> [SOURCE MATERIAL]:
== Segment start ==

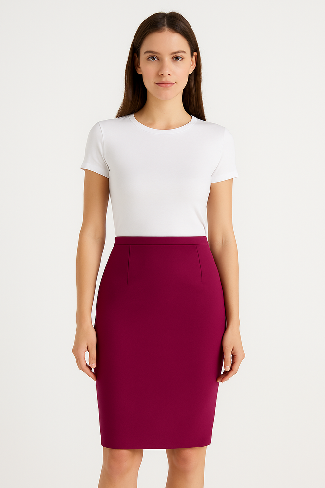 Elegancka spódnica ołówkowa marki Onari to klasyczna propozycja do biura i na formalne okazje. Wykonana z wysokiej jakości, lekko elastycznej tkaniny, doskonale dopasowuje się do sylwetki, podkreślając kobiece kształty. Model z wysokim stanem i długością do kolan optycznie wysmukla i wydłuża nogi. Minimalistyczny krój bez zbędnych dodatków sprawia, że spódnica jest uniwersalna i ponadczasowa – świetnie prezentuje się zarówno z żakietem, jak i elegancką bluzką. Dostępna w głębokim odcieniu malinowym, który doda charakteru każdej stylizacji. Skład: 60% wiskoza, 40% poliester Model wygenerowany komputerowo. Ubranie przedstawia rzeczywisty produkt
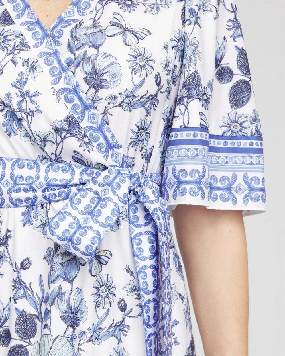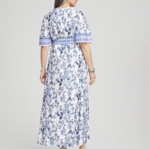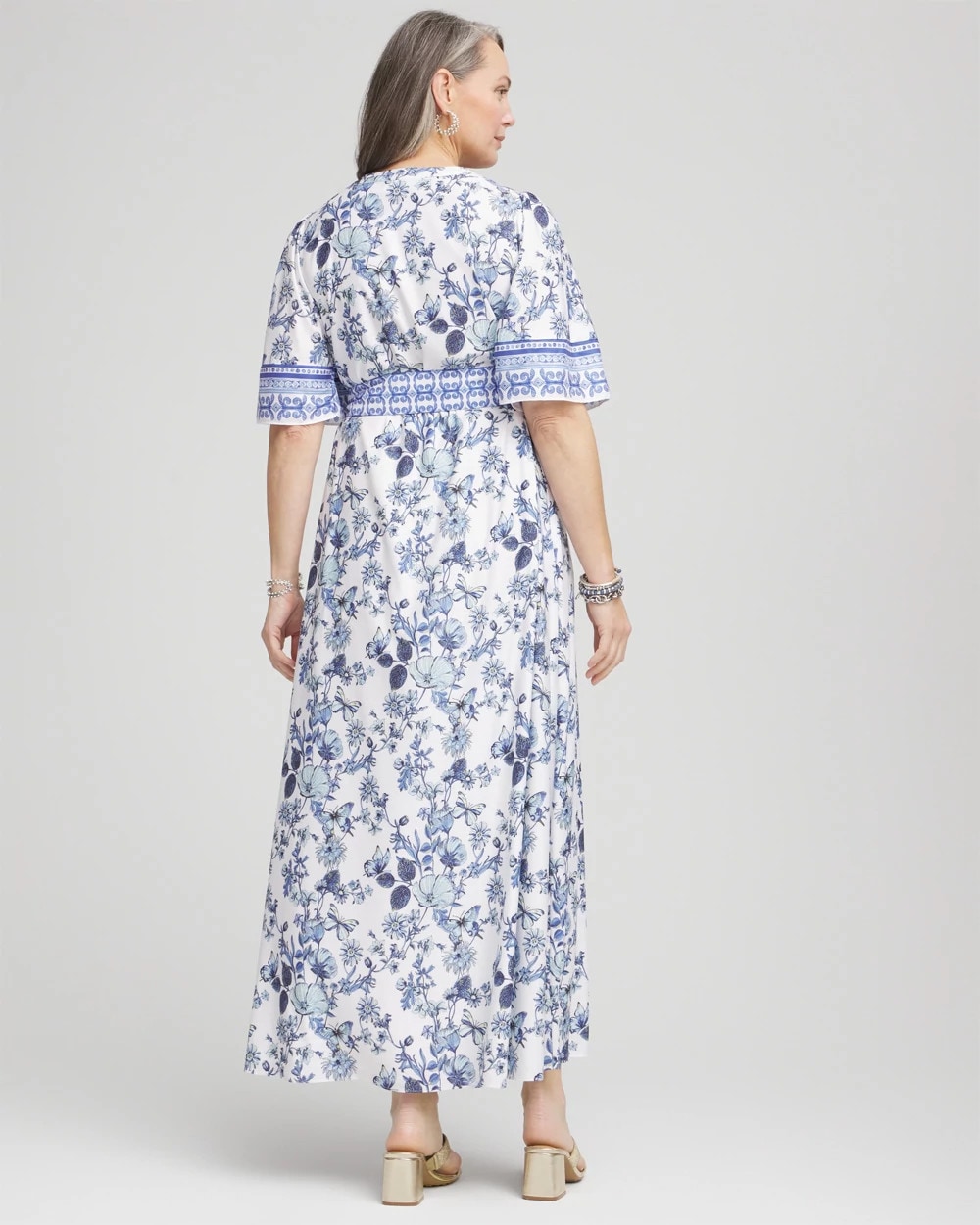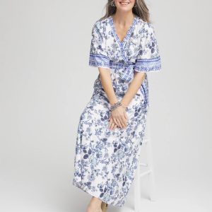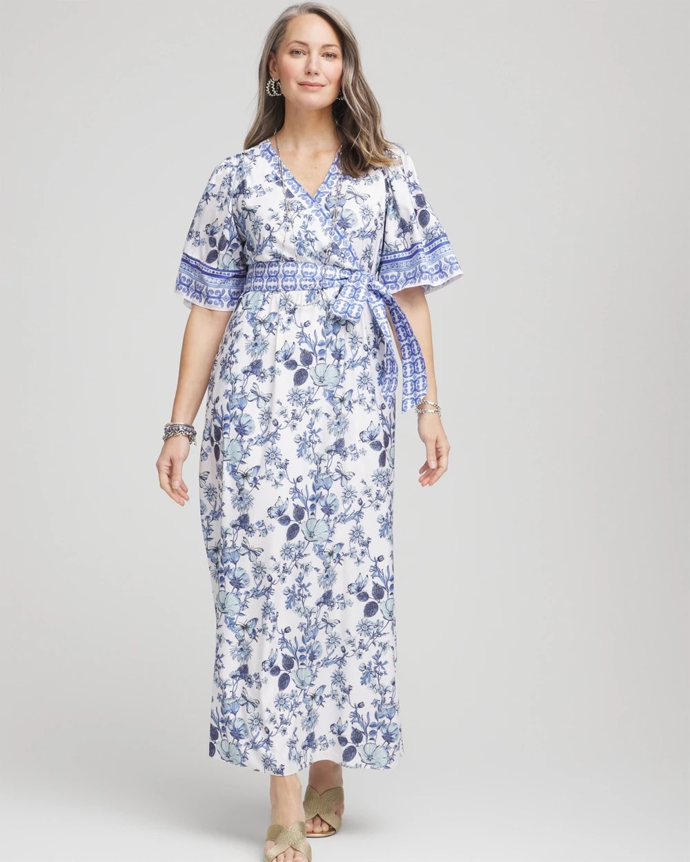This beautiful new butterfly print, matte satin maxi dress is perfect for everyday wear or for dressing up for dinner plans. Featuring an ultra-stylish self-belt (removable), and flattering elastic waistband, it’s both comfortable and stylish. The neckline, fabulous removable belt, and cuffs showcase a contrast print. Pair with Chico’s matching jewelry and accessories featuring the most-loved butterfly motif.
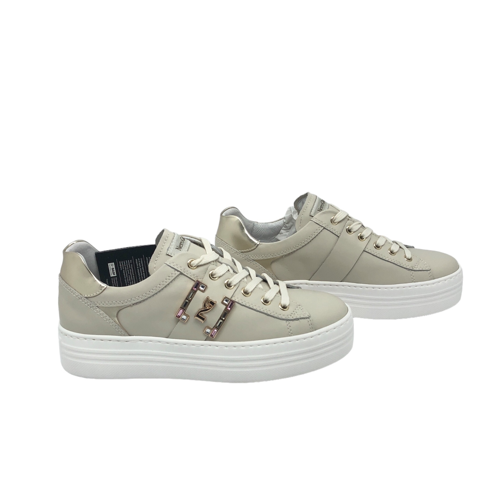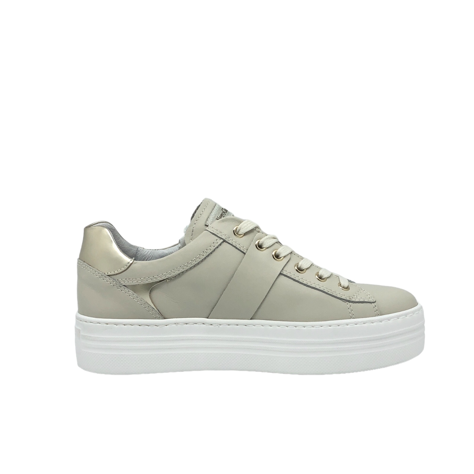 NERO GIARDINI COD.E409967D710 SCARPA CASUAL DONNA VELVET IN PELLE COL.MILK PLATINO MADE IN ITALY
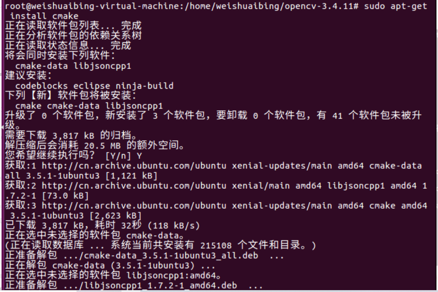 编译过程获得opencv头文件、链接lib库文件的路径的方法:
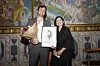 Prisvinner Sindre Leganger sammen med juryleder og kulturredaktør i Dagbladet, Sigrid Hvidsten.
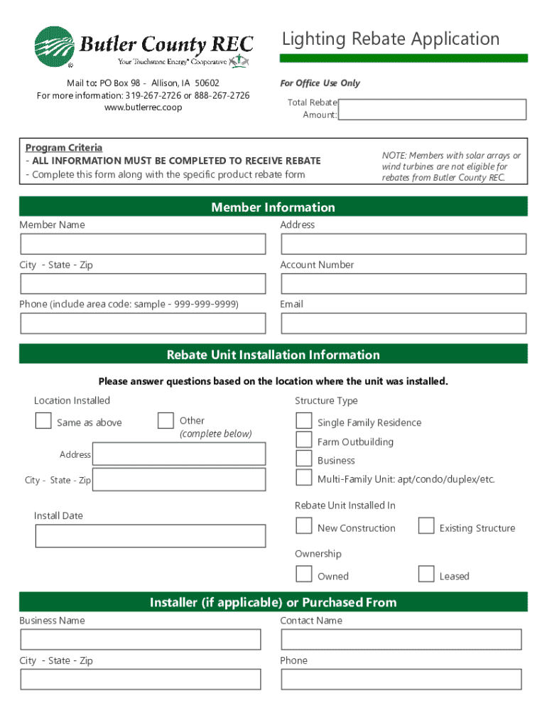 Get the free Butler County Rural Electric Cooperative 2024 Commercial ...
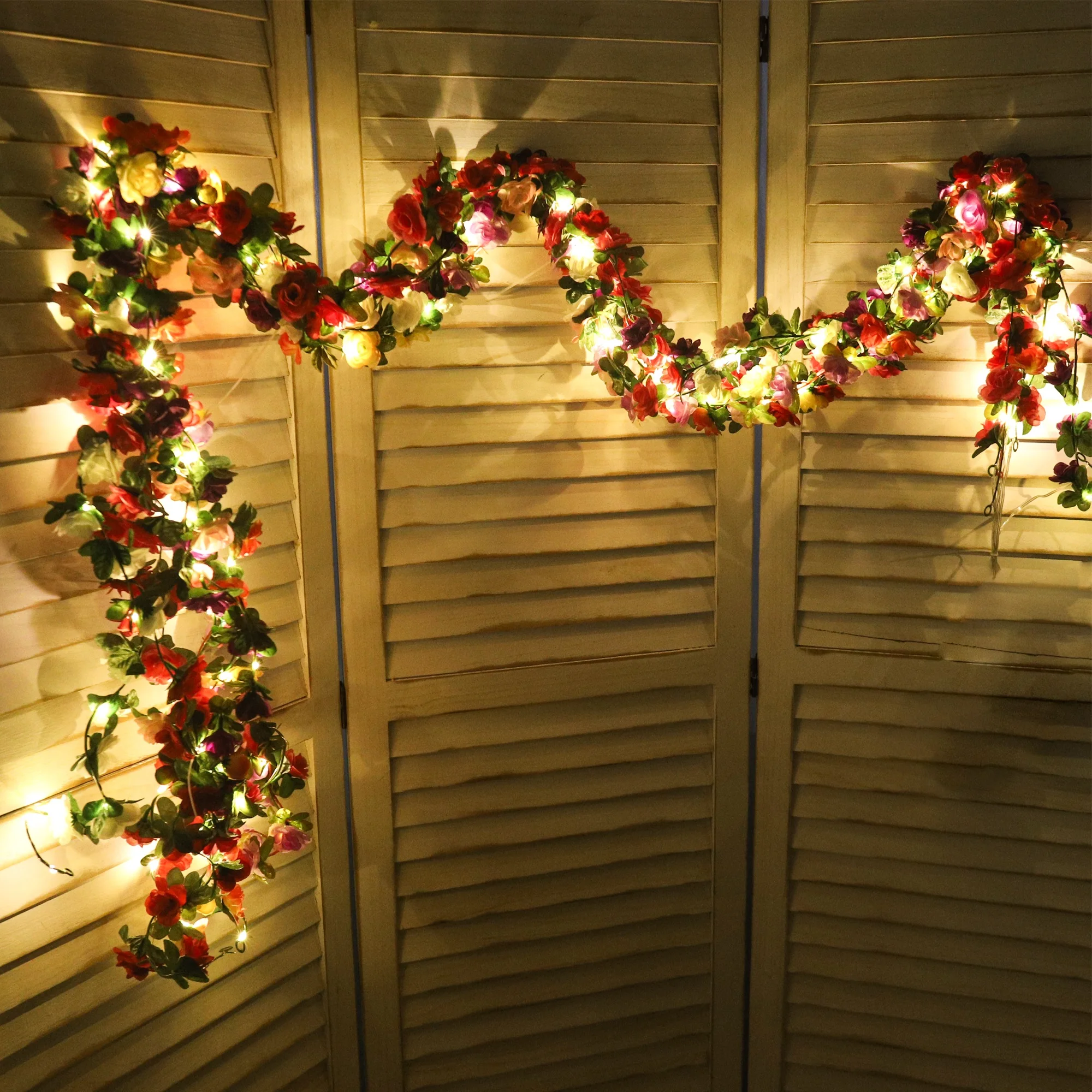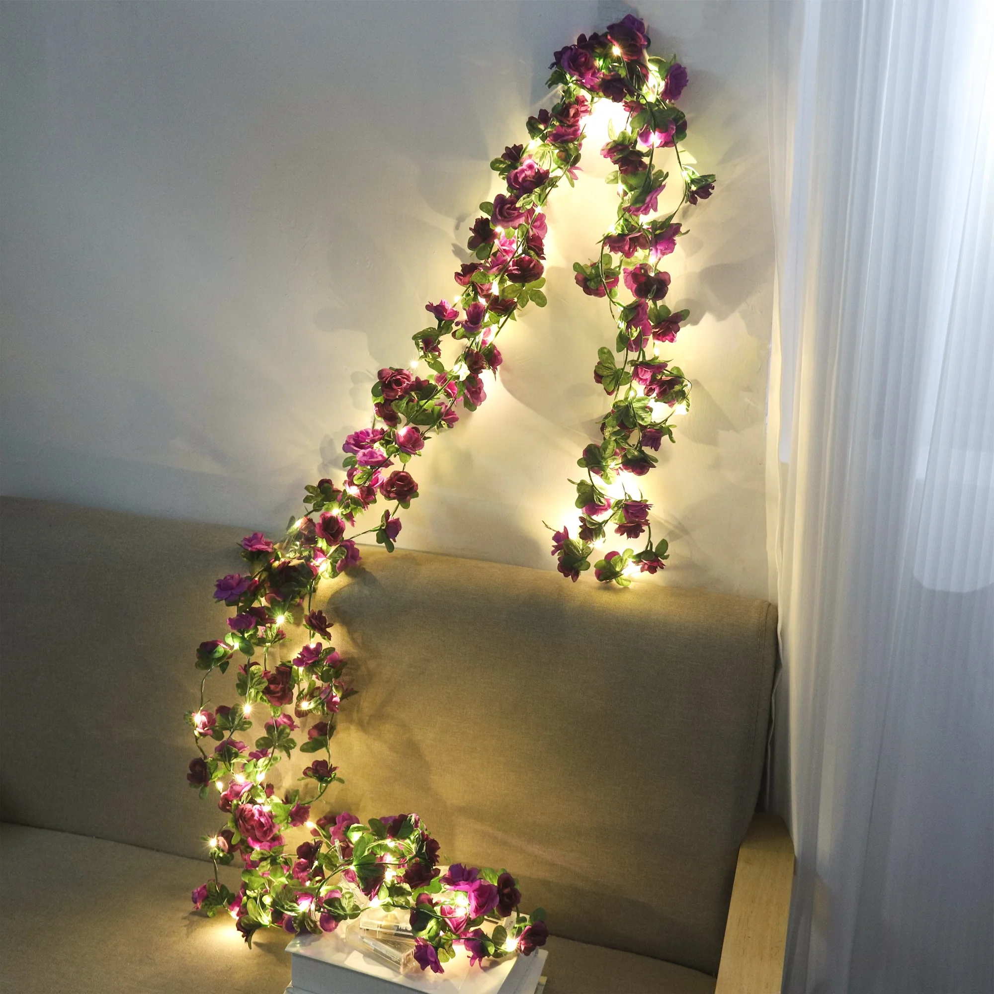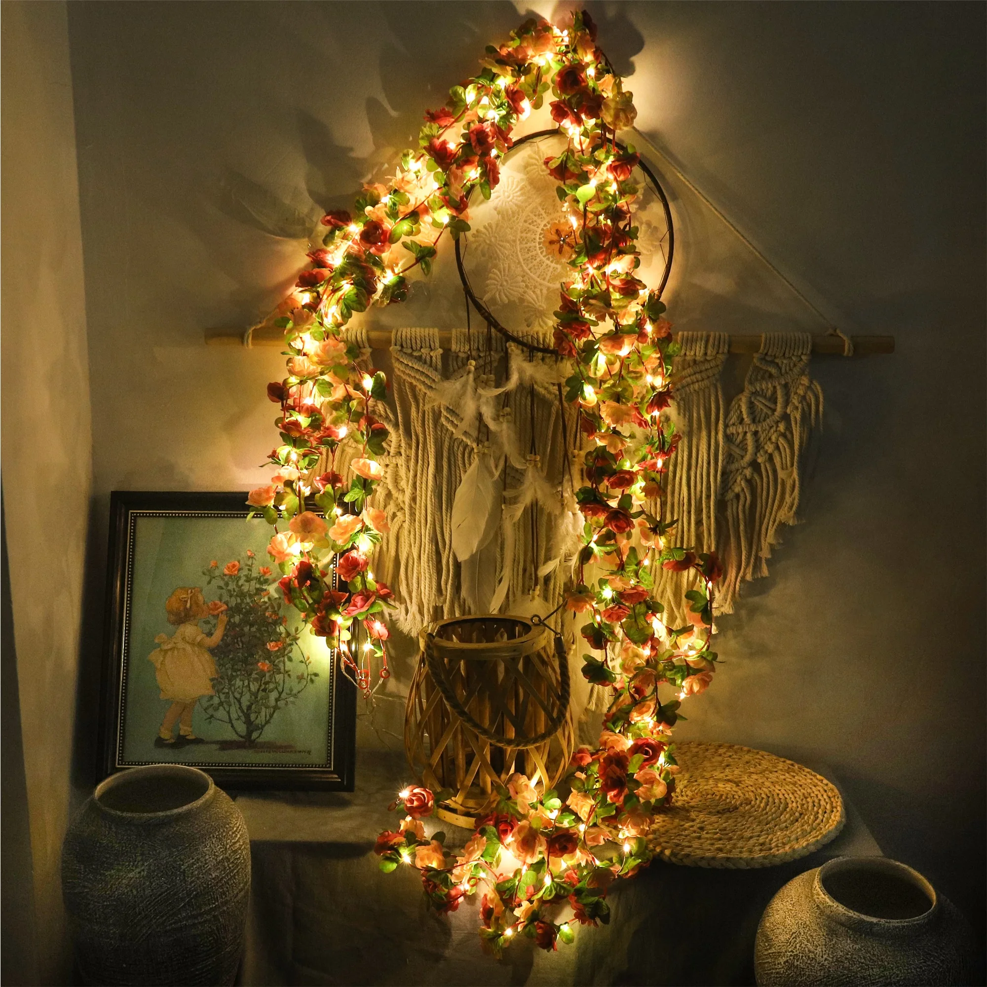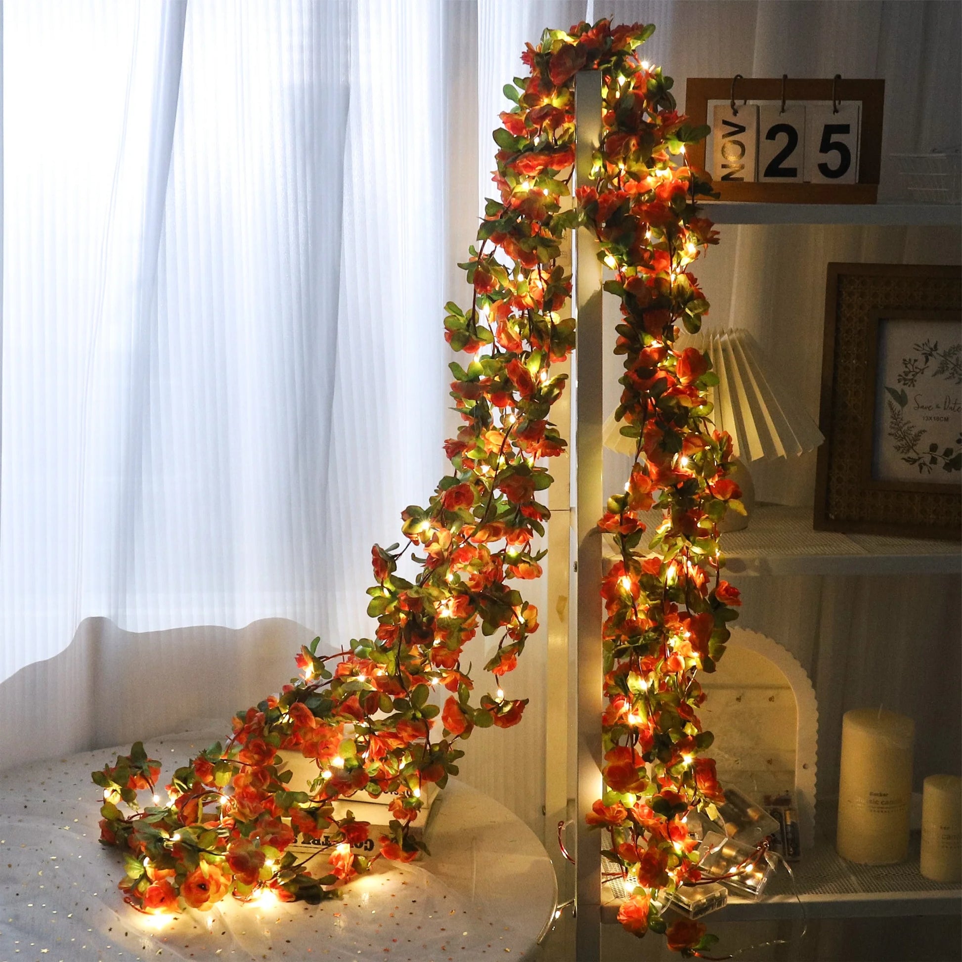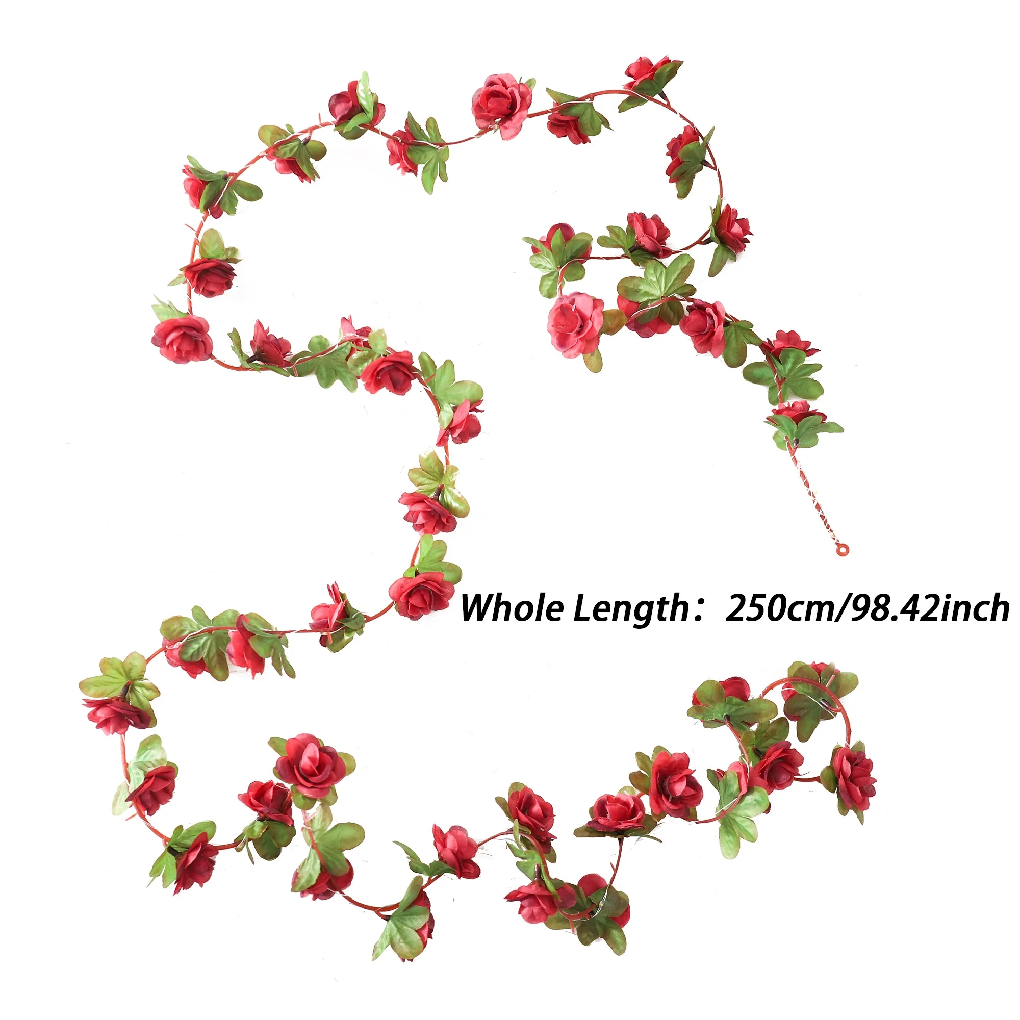 250CM Rose Vine With LED Lights Artificial Flowers Wedding Home Room Decoration Spring Autumn Garden Arch Christmas Rattan Vine

== Segment end ==

The answer must be the full listing, restated word for word, with no pictures in it.

> [RESPONSE AREA]:
 Elegancka spódnica ołówkowa marki Onari to klasyczna propozycja do biura i na formalne okazje. Wykonana z wysokiej jakości, lekko elastycznej tkaniny, doskonale dopasowuje się do sylwetki, podkreślając kobiece kształty. Model z wysokim stanem i długością do kolan optycznie wysmukla i wydłuża nogi. Minimalistyczny krój bez zbędnych dodatków sprawia, że spódnica jest uniwersalna i ponadczasowa – świetnie prezentuje się zarówno z żakietem, jak i elegancką bluzką. Dostępna w głębokim odcieniu malinowym, który doda charakteru każdej stylizacji. Skład: 60% wiskoza, 40% poliester Model wygenerowany komputerowo. Ubranie przedstawia rzeczywisty produkt
This beautiful new butterfly print, matte satin maxi dress is perfect for everyday wear or for dressing up for dinner plans. Featuring an ultra-stylish self-belt (removable), and flattering elastic waistband, it’s both comfortable and stylish. The neckline, fabulous removable belt, and cuffs showcase a contrast print. Pair with Chico’s matching jewelry and accessories featuring the most-loved butterfly motif.
 NERO GIARDINI COD.E409967D710 SCARPA CASUAL DONNA VELVET IN PELLE COL.MILK PLATINO MADE IN ITALY
 编译过程获得opencv头文件、链接lib库文件的路径的方法:
 Prisvinner Sindre Leganger sammen med juryleder og kulturredaktør i Dagbladet, Sigrid Hvidsten.
 Get the free Butler County Rural Electric Cooperative 2024 Commercial ...
 250CM Rose Vine With LED Lights Artificial Flowers Wedding Home Room Decoration Spring Autumn Garden Arch Christmas Rattan Vine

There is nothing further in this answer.